The campaign bragged that it was winning the White House from the bottom up, from the people to Washington. Why now espouse a plan to rescue our economy from the oligarchs on down? From hedge funds and private equity to the rest of us?

Even if you thought it might work (or might be the only thing Congress would approve so you pre-compromised with yourself), it makes little political sense.

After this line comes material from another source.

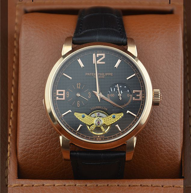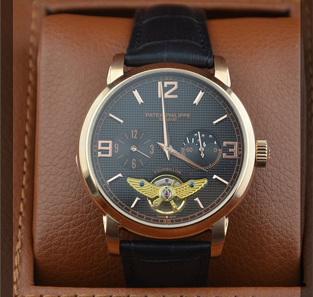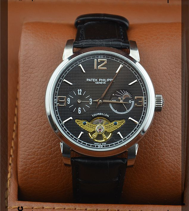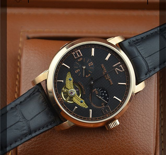 時尚新款百達翡麗陀飛輪日月星辰男士機械腕錶 玫瑰金銀白殼兩款錶殼

If the outside experts are right and the plan turns out to be too complicated, opaque and indirect to get money moving again the failure will sink the chances of passing ambitious social packages like health care reform.

However if it does work then Summers' $5.2 million pay day for working one day a week last year will look like lunch money compared to the tax-payer supported profits Wall Street will devour for managing the toxic assets.

And we regular folks are gonna be mightily pissed.

An idea that would mitigate the coming popular rage was floated by Ronald O'Hanley in the Times last week. A Wall Street insider himself his idea was to let we, the rabble, buy in on the toxic assets. Like War Bond during WWII the rest of us could both help our nation out of this rut and maybe make enough profit to start spending again (I personally have my eye on a WaveRunner once this Recession ends). Even if we didn't get in on the plan ourselves, knowing that we could have will blunt our anger at the barons who did.

David Axelrod is a brilliant tactician He must know better. He needs to jump up and down on some desks until they fix this leak in the most-promising ship of state this nation has seen since Kennedy's.